# used Ford F150 XL 7700 with Curtis PLow



## Luc (Jul 12, 2006)

Hello All,
I am looking at purchasing a used 2000 Ford F150 XL 7700 set up with Curtis 8 foot full trip snowplow with blades on both sides. The vehicule has a V8 5.4L engine with 73,000 kms. automatic transmission, ABS brakes, the F250 undercarriage (7700 GVWR) on it and seems in good condition altrhough there is some rust on the undercarriage. It was used by a Ford dealership to clean there lot.

Does this sound like a good set up and is it sufficient to clean 15 to 20 country driveways (a lot are gravel) in a respectable amount of time? I am new to the snowplowing trade. Are there any pointers you could give me?

Thanks in advance,
Luc


----------



## DeereFarmer (Dec 12, 2005)

It the blade 8 feet plus the wings (the things on the side of the moldboard) or 8 feet all together. Curtis plows are fairly heavy. I don't know how that truck would hold up with an 8 foot Curtis plus wings. Other than that, if you go slow and drive the truck carefully you'll be fine. Lots of people will tell you that you need a 3/4 ton to plow, but if you drive a 1/2 ton like it is a 1/2 ton you will be fine. Welocme to the site!!


----------



## jonzer12 (Sep 19, 2006)

A f-150 7700 is basically a 3/4 as far as the suspension is concerned. The whole idea of the 7700 is a barebones WORK truck. Truck is more than capable of handing a corresponding size plow.


----------



## Sweetpete (Jul 11, 2005)

I agree. The 7700 is really a lower end 3/4 ton. They were a good idea though. I'm surprised they didn't last.

Anyways, some ballast in the bed will certainly help keep the front end from collapsing over time. I've heard the Curtis' plows are a little heavier also. 

Sounds like a nice truck though. Ford is definately the best plow truck in my opinion. So, I don't think you can lose. Let us know what you decide.


----------



## J29 (Feb 14, 2006)

Sweetpete,
Ford still offers a heavy duty payload package for the F150. Instead of a 7700gvw, its now up to 8200. I don't think they push them as much as the old 7700 package though. I have yet to see one other than in Truck Trend magazine. I believe you can only get them in regular cab longbed and extra cab longbed. No more short bed as before. J.


----------



## jonzer12 (Sep 19, 2006)

Unfortunatly the new model f-150 is even heavier than the 97-03 so the actual capacity of the frontend is probably still pretty close. Regardless the 7700 or new model should be able to support a plow, again, that is the idea of the HD package. You just get a 1/2 body with the 1/2 drivetrain options.


----------



## PLOWMAN45 (Jul 2, 2003)

8ft is way to big id stick with 7.5


----------



## Sweetpete (Jul 11, 2005)

Hey J29--Thanks for the correction. I always thought the HD F150 would be a good idea. To be honest though, I'm not quite sure who or what kind of business would go with the HD F150

In other words, typically, if you need a Superduty truck, you'll probably go with the F250 or F350. But, who knows? I suppose some only need a 1/2 ton and don't want to give up a good ride or just like the body style better.

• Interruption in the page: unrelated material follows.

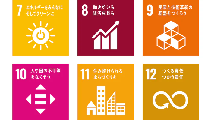 7〜12は、エネルギーや働きがい、産業基盤、まちづくりなど日本においても身近に感じる目標が定められています。

In either case, I still stand by the fact that I feel that Ford makes the best plow truck. Period.


----------



## coolgreen (Aug 29, 2003)

*I have one*

I run a 7.5-foot Western Pro Plow on my 2000 F150 7700 regular cab and the truck handles it great.

The front GVWR on that truck is 4,150 pounds - more than a lot of F250 Heavy Duty trucks from the 90s, and everyone plowed with those just fine.

I was looking at a 1997 F250 Heavy Duty the other day, but lost interest when I noticed the front GVWR is only 3,559 pounds. Seems a bit wimpy compared to my F 150.

The literature I have from Ford recommends your plow, complete with mount, does not exceed 700 pounds, so I would check on the weight of that 8-foot plow.


----------